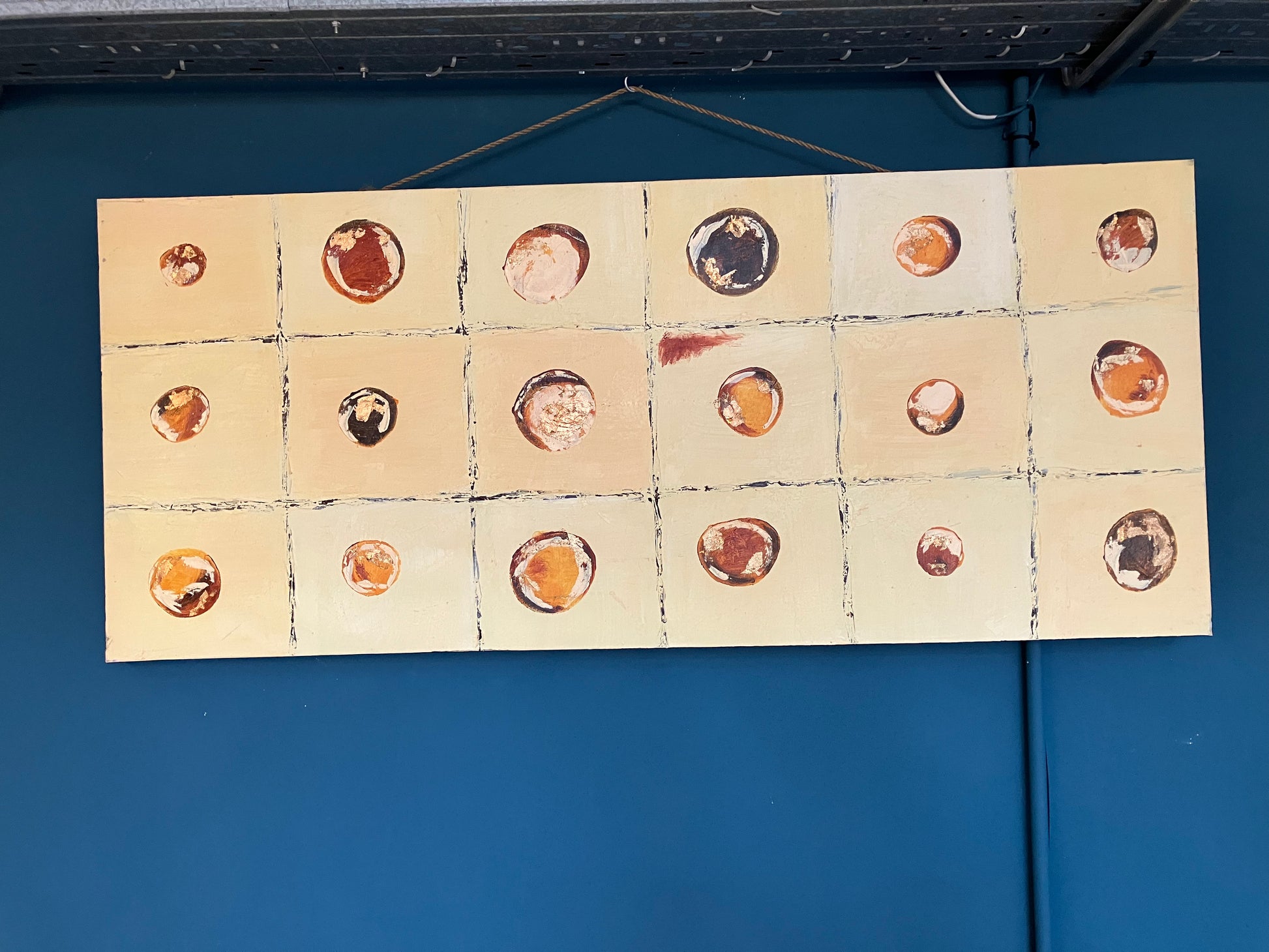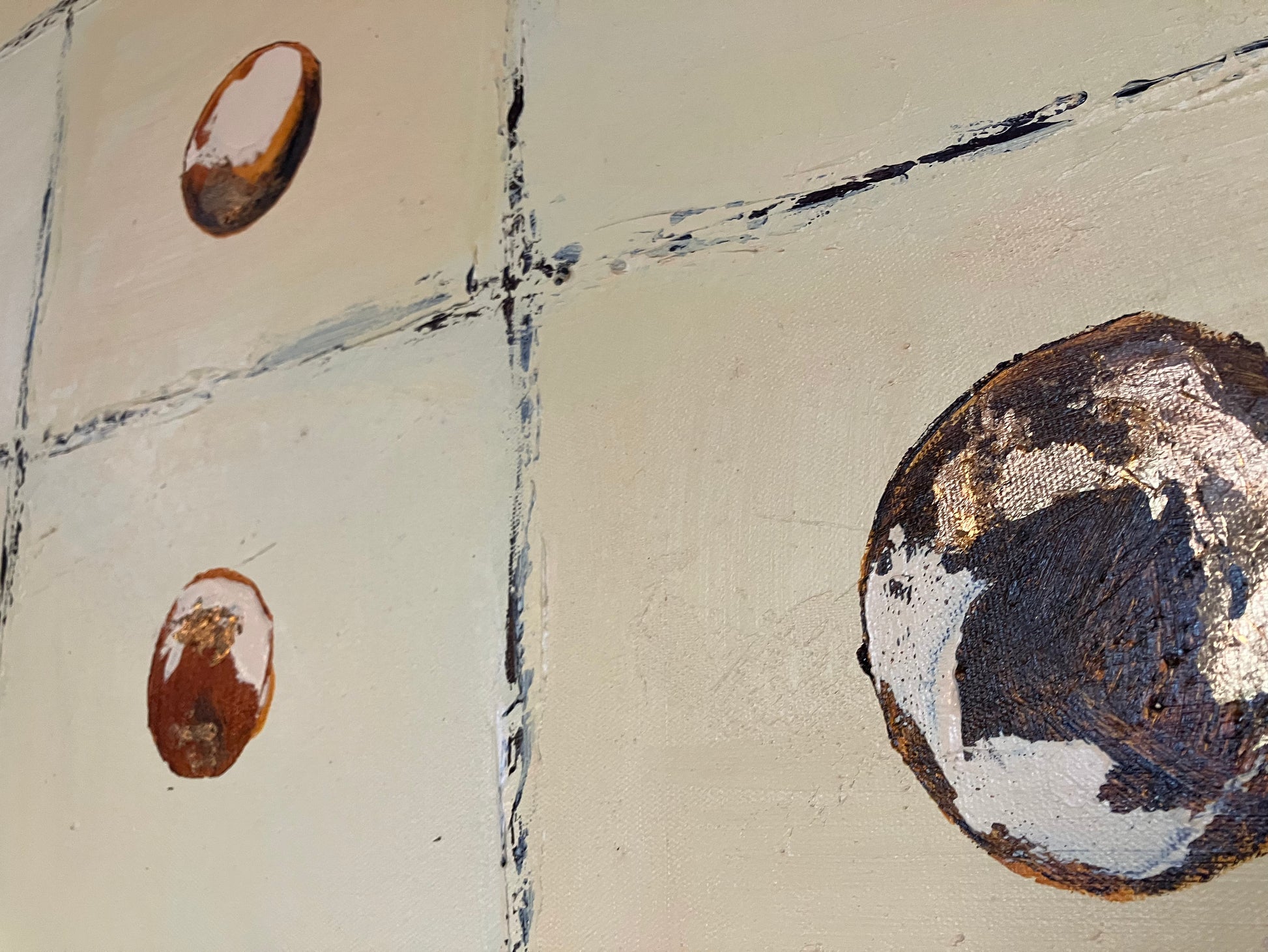 Círculos simples e texturados em tons quentes e naturais com toques de técnicas mistas. O layout limpo e a paleta discreta tornam esta peça calma e equilibrada.
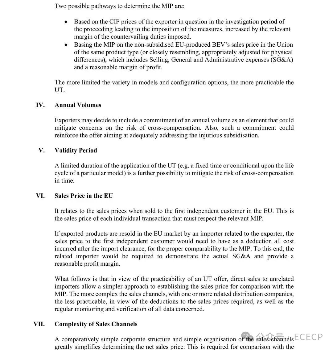 同样,若企业没有向欧盟同一客户出口其他非约束产品(如混动汽车),也有助于限制与反补贴措施覆盖范围外产品之间的交叉补贴风险。
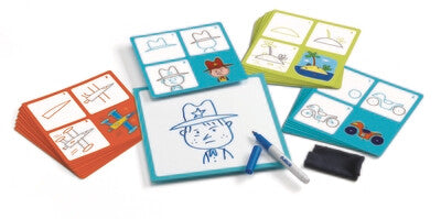 Comprend : 12 cartes recto-verso (15 x 15 cm), 1 planche effaçable et 1 feutre effaçable à sec. 1 chiffon.
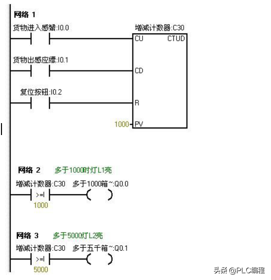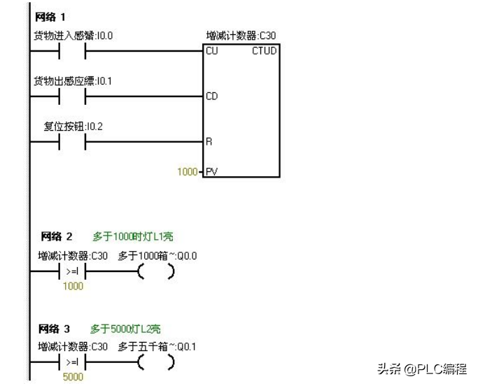 五、比较指令对进出仓库的货物进行记录。仓库最多可放6000箱货物,货物多于1000箱灯L1亮,多于 5000箱时灯L2亮。
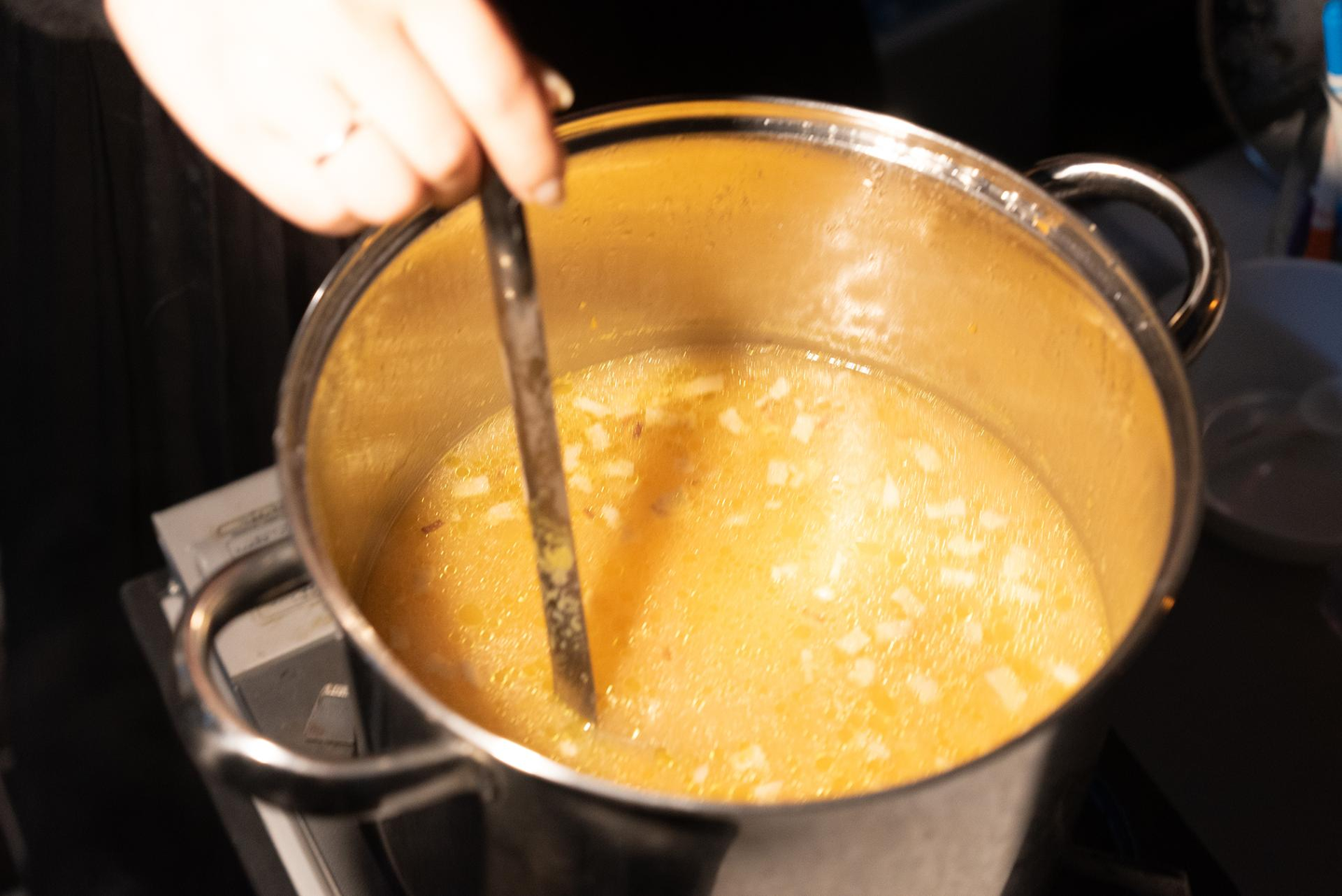 受付ではTESIO POWDERをベースにした野菜スープをご提供。寒い中いらっしゃったお客様にウェルカムスープとして召し上がっていただきました。微塵切りにしたにんじんとたまねぎ、細かく切ったベーコンとTESIO POWDERで完成。
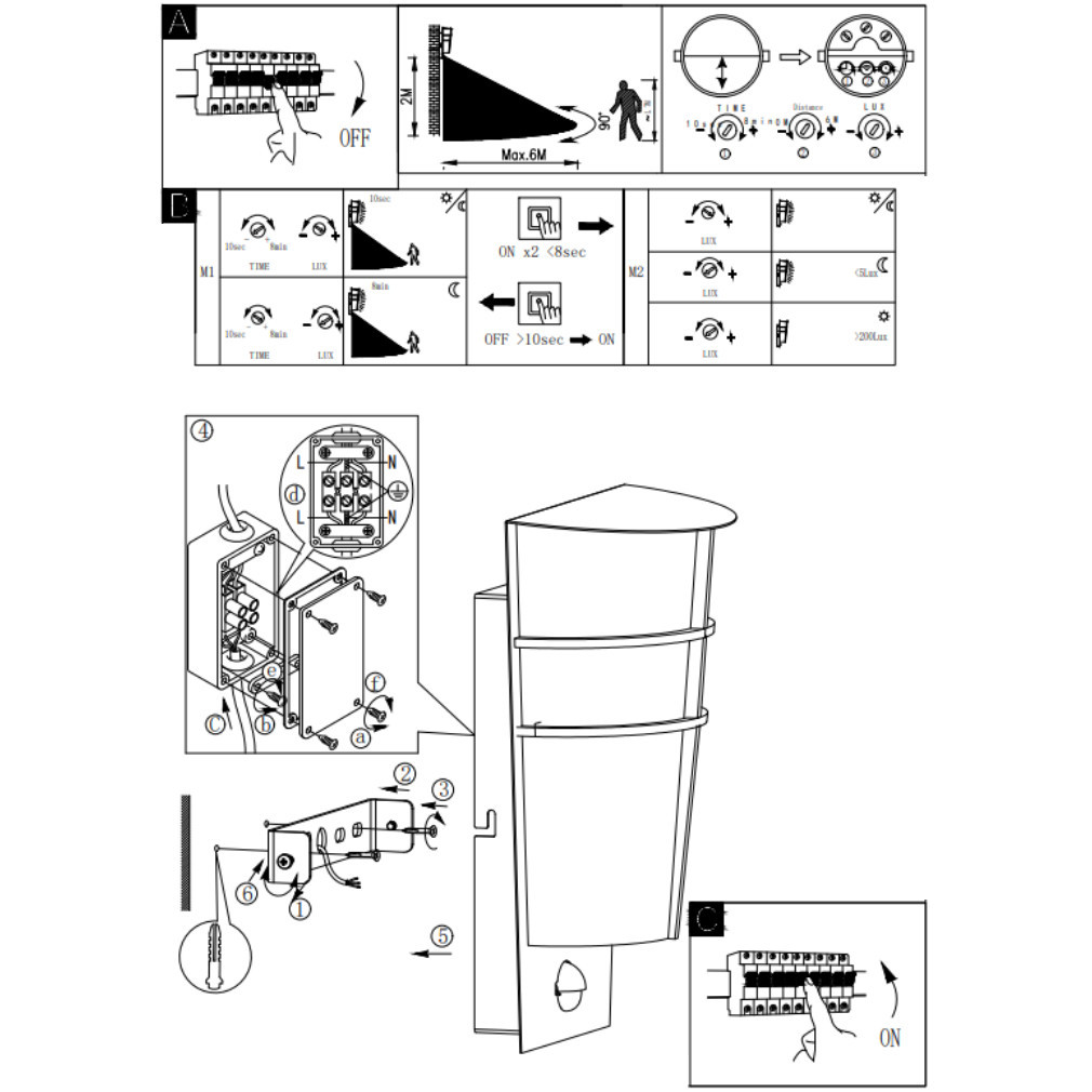 Aplică de perete cu senzor de mișcare/lumini pentru exterior
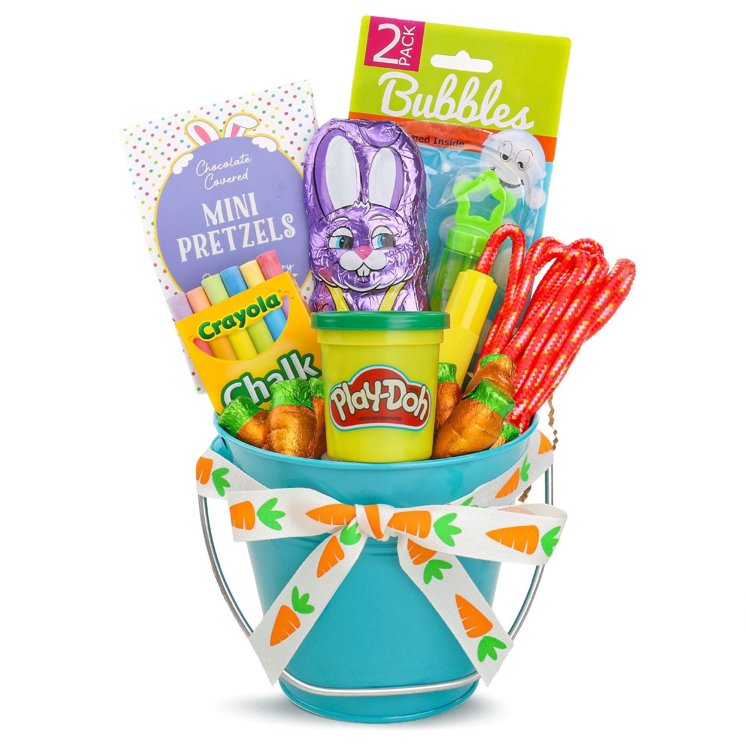 Contents: Chocolate Easter Bunny (1.5oz.), Mini Chocolate Pretzels (2oz.), Chocolate Foil Wrapped Carrots, Crayola Chalk (12ct.), Non-Toxic Bubbles with Wand (2pk), Play-Doh Assorted Colors, 6ft. Jump Rope, Metal Pail with handle
• • • •
### Prompt
Word for word, restate the lines above from the first through the one that contains "Comprend : 12", and exclude all pictures.

### Completed exercise
 Círculos simples e texturados em tons quentes e naturais com toques de técnicas mistas. O layout limpo e a paleta discreta tornam esta peça calma e equilibrada.
 同样,若企业没有向欧盟同一客户出口其他非约束产品(如混动汽车),也有助于限制与反补贴措施覆盖范围外产品之间的交叉补贴风险。
 Comprend : 12 cartes recto-verso (15 x 15 cm), 1 planche effaçable et 1 feutre effaçable à sec. 1 chiffon.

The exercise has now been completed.